A classe média, majoritária no cenário na cerimônia de abertura do Pan, mostrou que está sem representação política. Órfã, faz o que pode.

Às análises sobre a exegese da vaia ao presidente, as excelências oposicionistas poderiam acrescentar agora uma autocrítica ao seu “modus operandi”, por ora meramente “esperneandi”. Quando muito.

Lógica perversa

O presidente já mudou de assunto, aparentemente sublimou as vaias e, em boa hora, tocou o barco. Mas o cordão dos puxa o leitor sabe o quê continua a produzir extenso palavrório sobre o episódio Maracanã, usando, para isso, a lógica perversa da submissão da opinião aos poderes do poder.
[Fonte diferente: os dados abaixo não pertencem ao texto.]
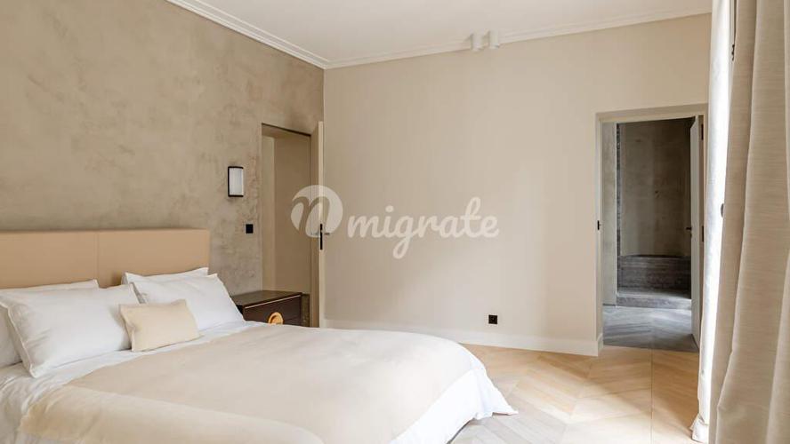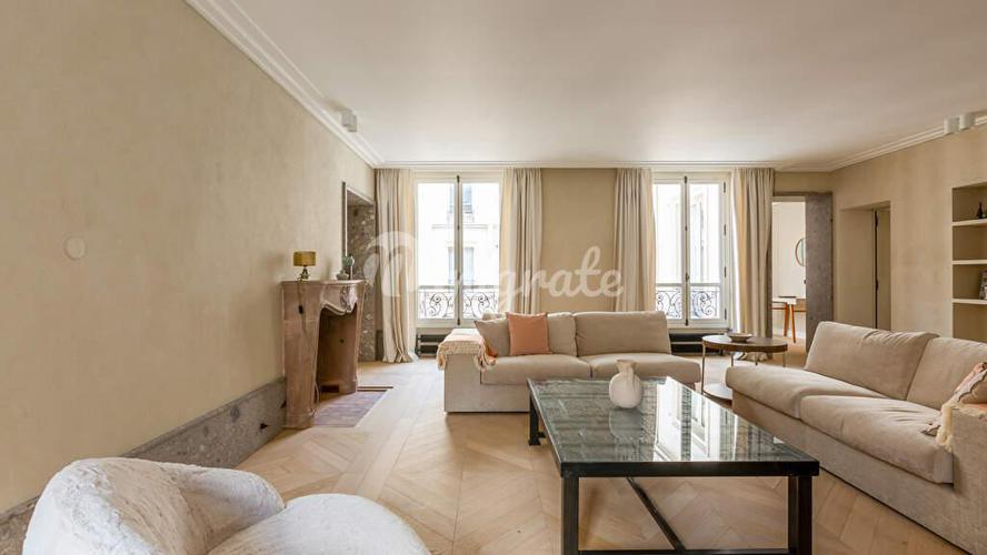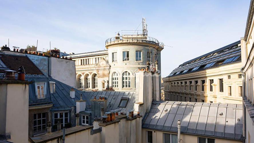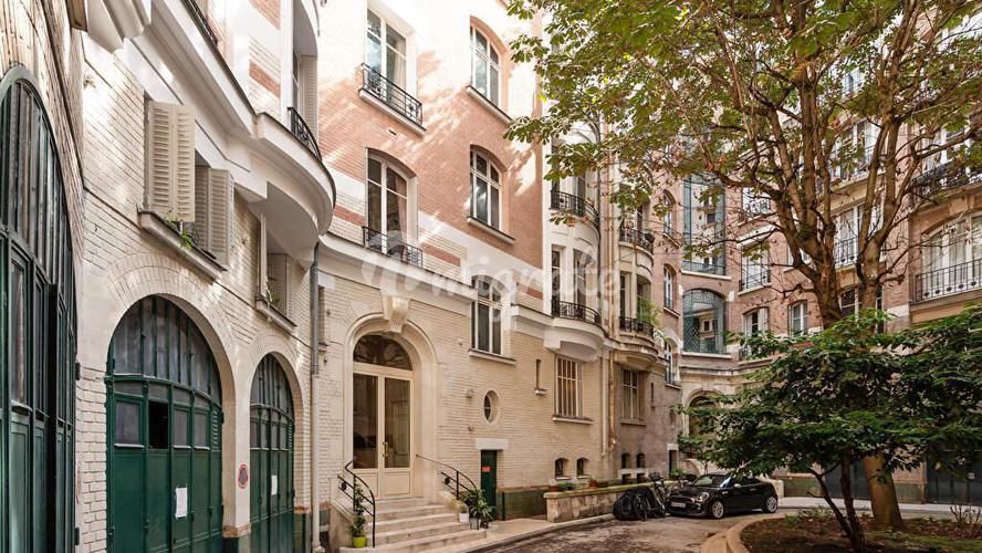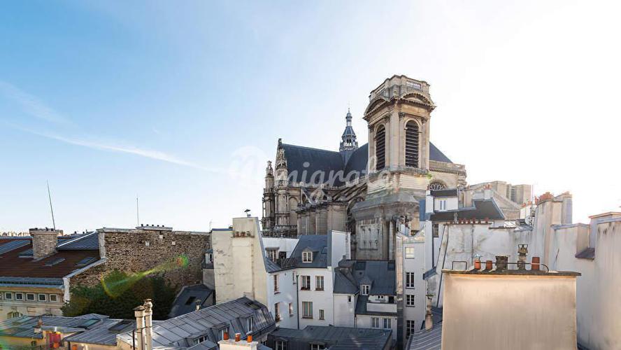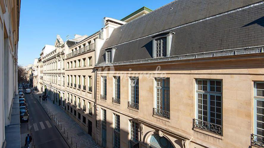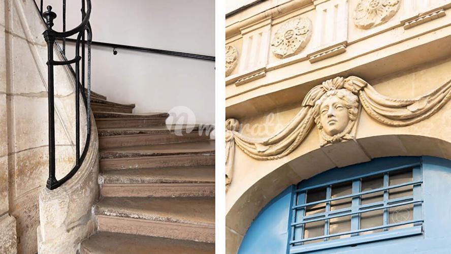 Rue des Archives, в самом сердце исторического квартала Марэ, в непосредственной близости от улицы Пастурель и магазинов улицы Бретань, на втором этаже старинного здания с видом на Музей охоты, проход
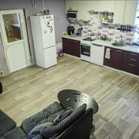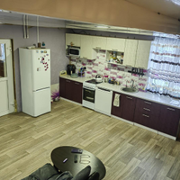 На 1 этаже дома большая кухня - столовая (31 кв. м) , спальная комната ,туалет с ванной , темная комната и веранда с котельной и кабинет.
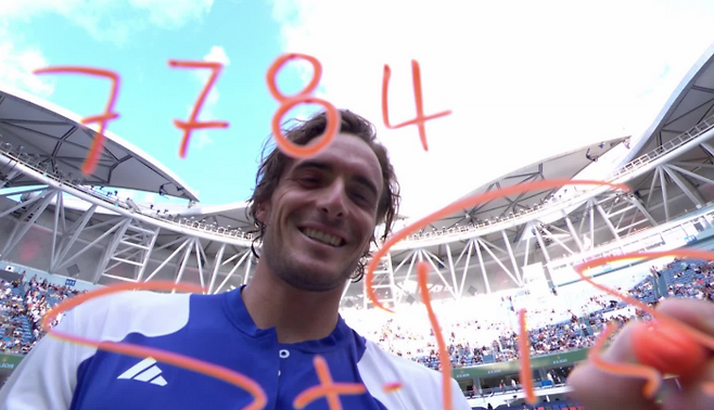 치치파스는 승리 후 가까이 있던 카메라 렌즈에 '7784'라는 숫자를 적었다.
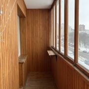 Просторный балкон расположен вдоль всего внешнего периметра квартиры и создает дополнительное тепло. Застеклен, зашит вагонкой.
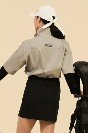 여성 하이넥 반팔 풀집업 윈드브레이커 카키베이지
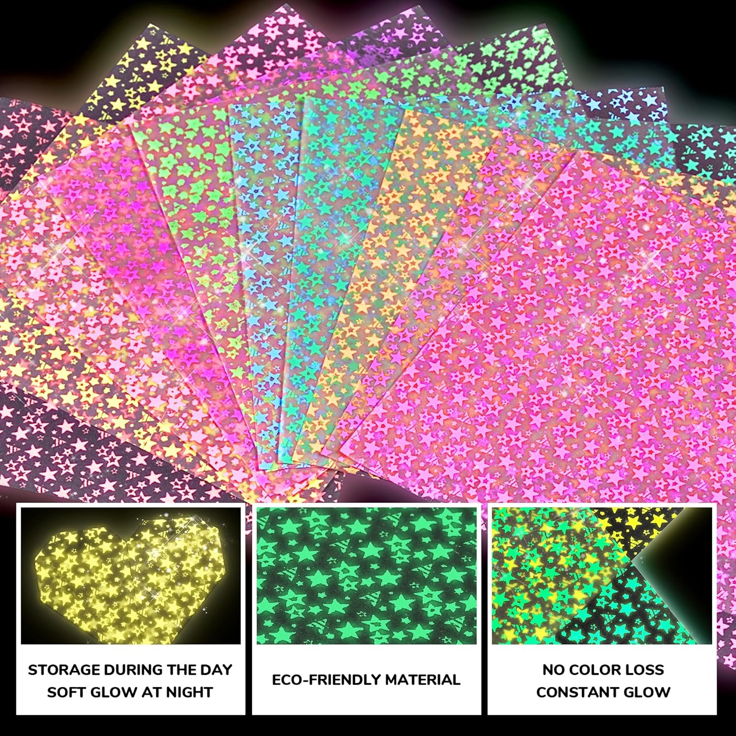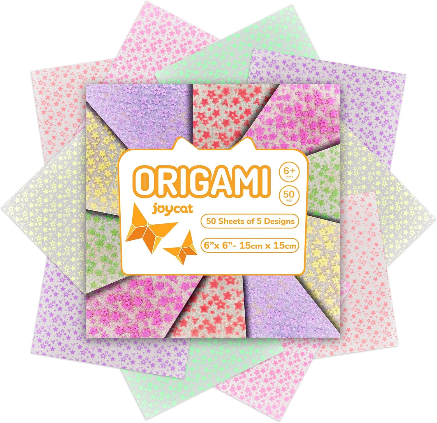 Joycat Pastel Glow in The Dark Origami Paper - 50 Sheets 6x6 Inches - Soft Luminous Sheets for Kids & Creative Projects, Ideal for Scrapbooking, Card Making and DIY Crafts
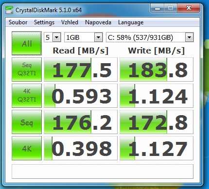 Můj příspěvek je asi nečitelný tak proto tehle problem si stahni i tohle http://osdn.jp/projects/crystaldiskmark ... rror=jaist a též jsem vlož screen z programu
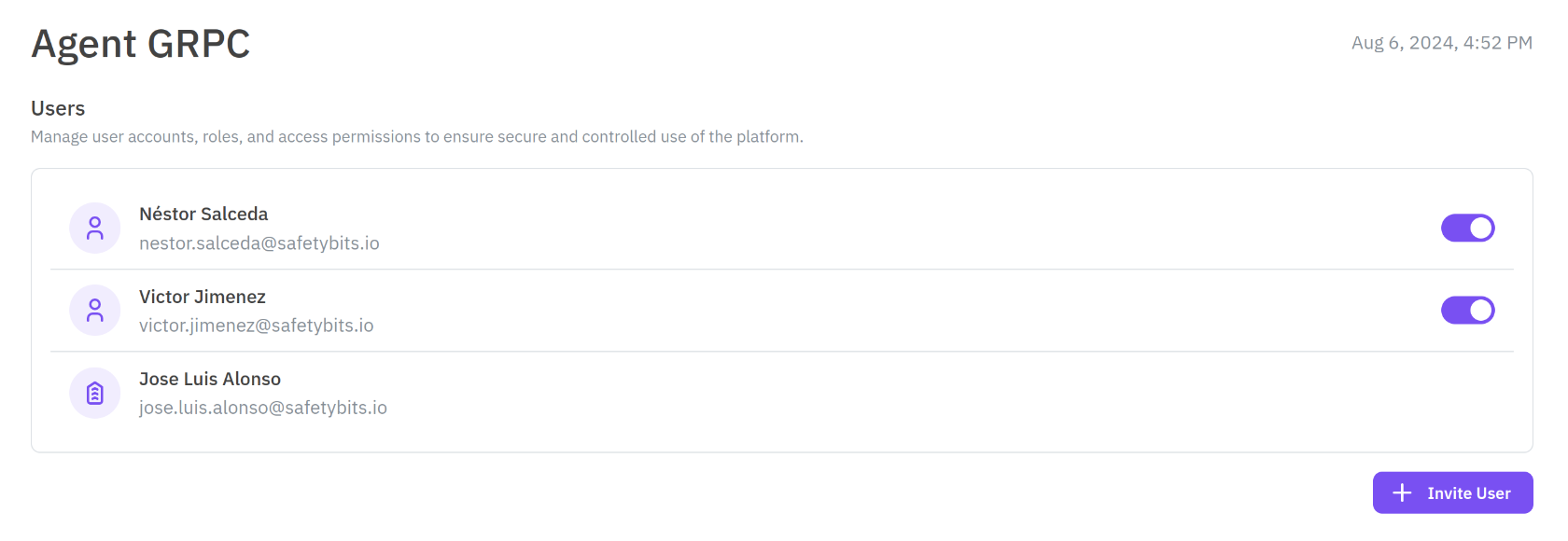 The Users section in the settings page allows for seamless management of facility access. With a simple toggle, you can enable or disable access for existing users, ensuring control over who can view facility data.
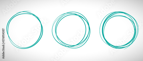 Teal circle line hand drawn set. Highlight hand drawing circle isolated on background. Round handwritten circle. For marking text, note, mark icon, number, marker pen, pencil and text check, vector
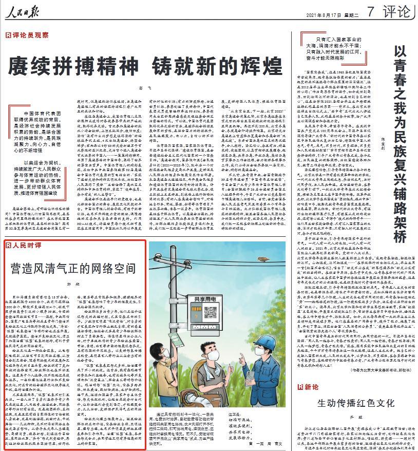 人民日报8月17日发表《人民日报:营造风清气正的网络空间》指出,“饭圈”乱象表现形式多样,给治理带来了不小的挑战。这背后,既有盘根错节的资本和利益链条,也有泛娱乐化等不良倾向和“流量至上”、拜金主义等畸形价值观。根治畸形“饭圈”文化,需要多措并举、标本兼治,既切除病灶,也铲除病根。接下来,继续加强监管,压实平台主体责任,形成长效机制,让越出底线者付出代价,让非法逐利者受到惩罚,才能凝聚合力、久久为功,更好维护风清气正的网络空间。
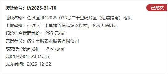 土地位于:任城区二十里铺街道运煤路以南、济水大道以西;土地面积:66004㎡(约99亩);土地用途:工业用地;出让年限:50年;容积率不小于1.2;起始价:2337万元,综合楼面价起价:295元/㎡;最终成交价为:2337万元(约24万元/亩),综合楼面地价成交价:295元/㎡;溢价率:0.0%;
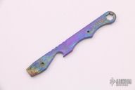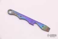 Titanium prybar from Korth Cutlery has a bottle opener, key ring hole, hex key, millings, flat head screw driver and prybar. Thunderbolt lightning anodization. New from maker. 3.875" oal.
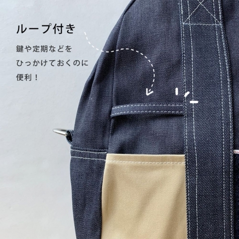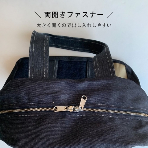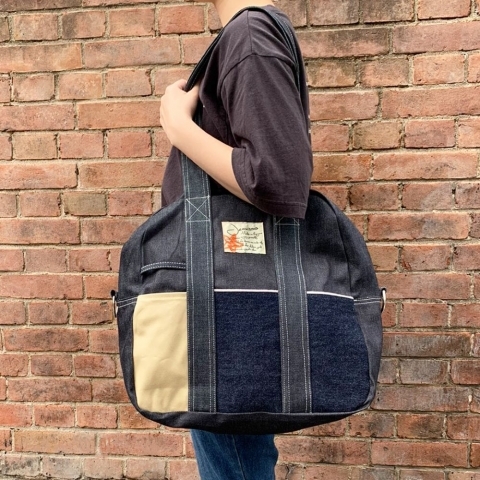 大きめデニムバッグ【縦長配色ボストンバッグ】
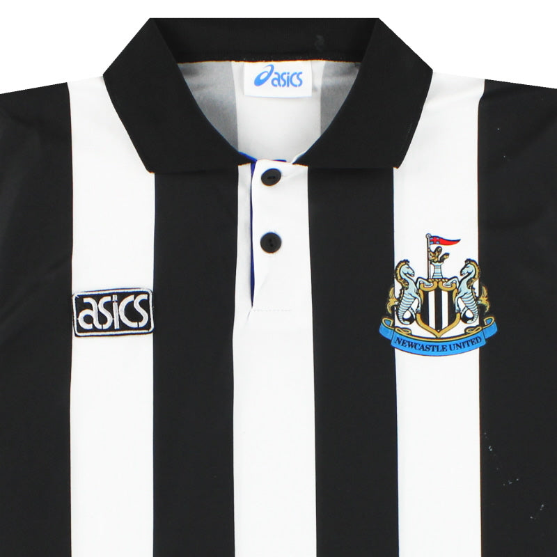 Details - Classic home shirt as worn when Newcastle United finished 3rd and 6th in the Premier League in respective seasons and were knocked out in the quarter finals of the 1994-95 FA Cup, losing 1-0 against Everton. Also worn when Newcastle United were knocked out in the second round of the 1994-95 UEFA Cup, being knocked out on away goals against Athletic Bilbao after the tie finished 3-3 on aggregate.
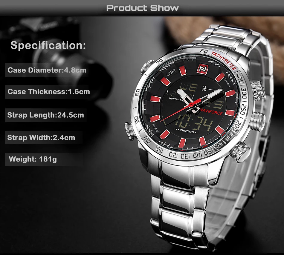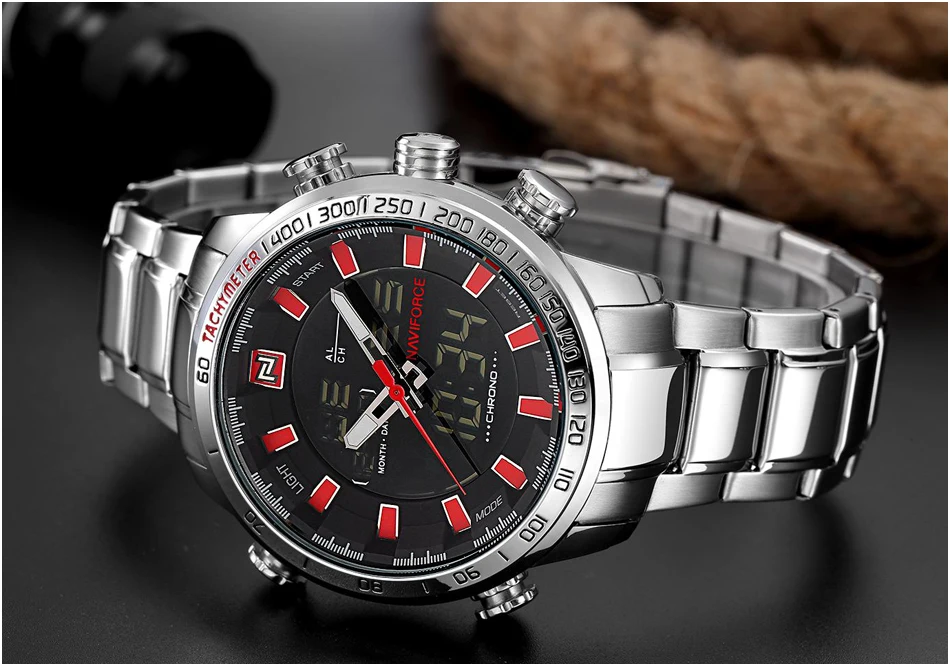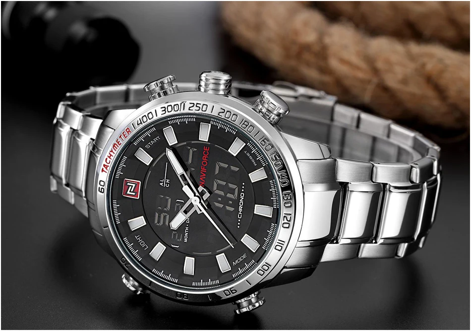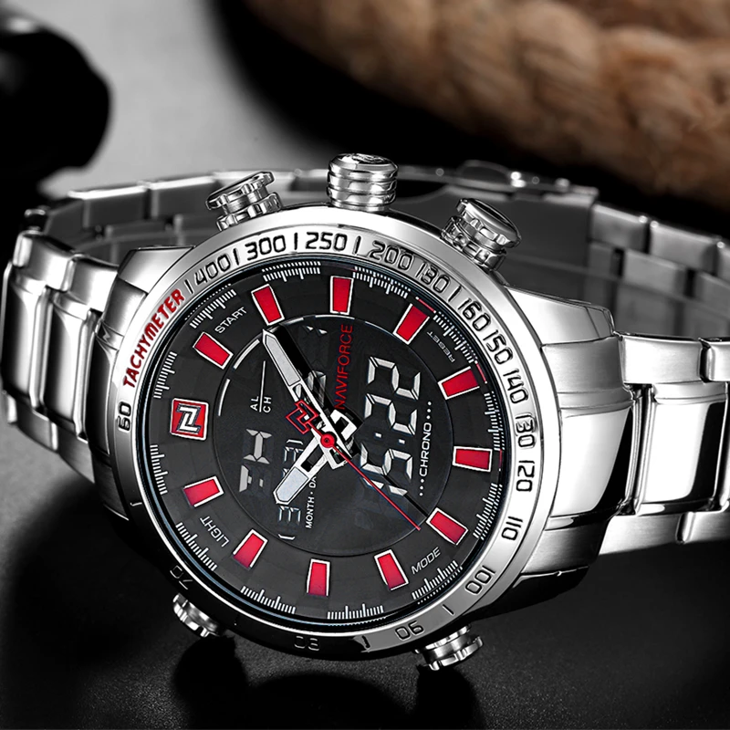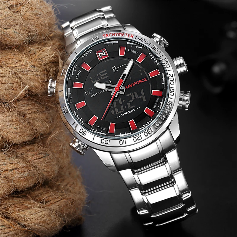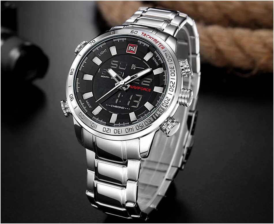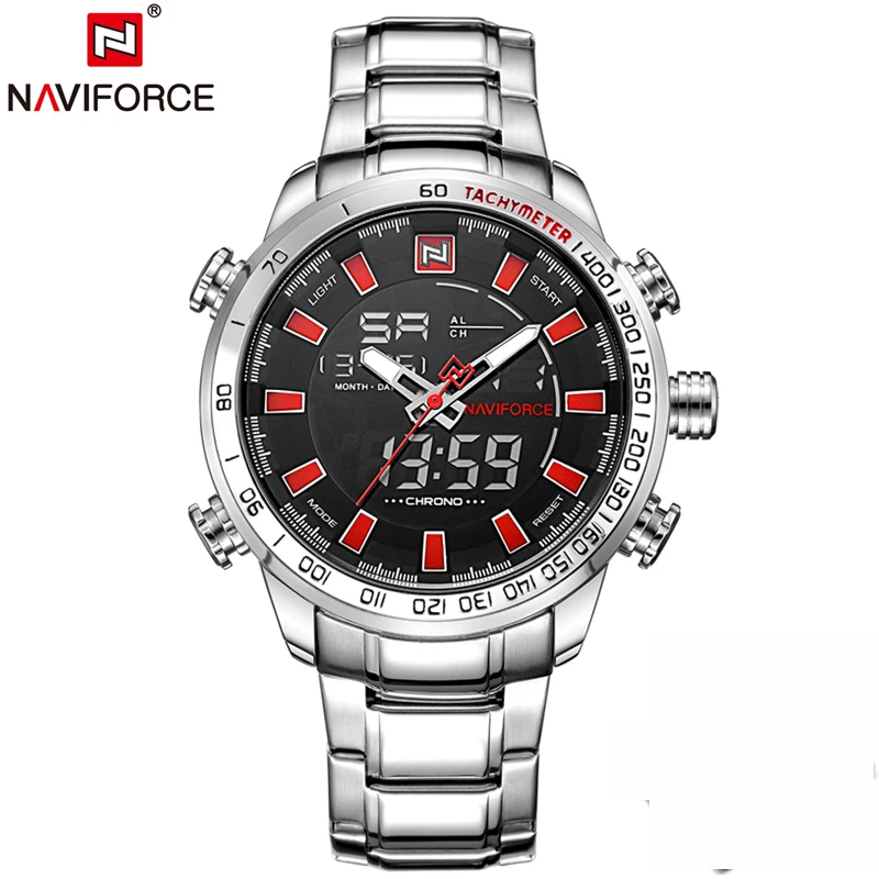 Часы наручные Naviforce Мужские кварцевые, роскошные деловые Брендовые спортивные водонепроницаемые полностью стальные

Quando excelências da política e do esporte qualificam de “injustas” as manifestações alegando que o presidente merecia tratamento mais cordial por ter liberado verbas federais para a realização do Pan, nada mais fazem do que se utilizar do mesmo critério de partidos que vendem seus votos no Legislativo em troca de favores do Executivo.

Esquecem-se de que as verbas não pertencem a Lula. Pertencem a todos os cidadãos, cujas opiniões não obedecem à dinâmica da lei do mais forte de ocasião.

Para encerrar Por que invasão de propriedades pode e vaia não pode?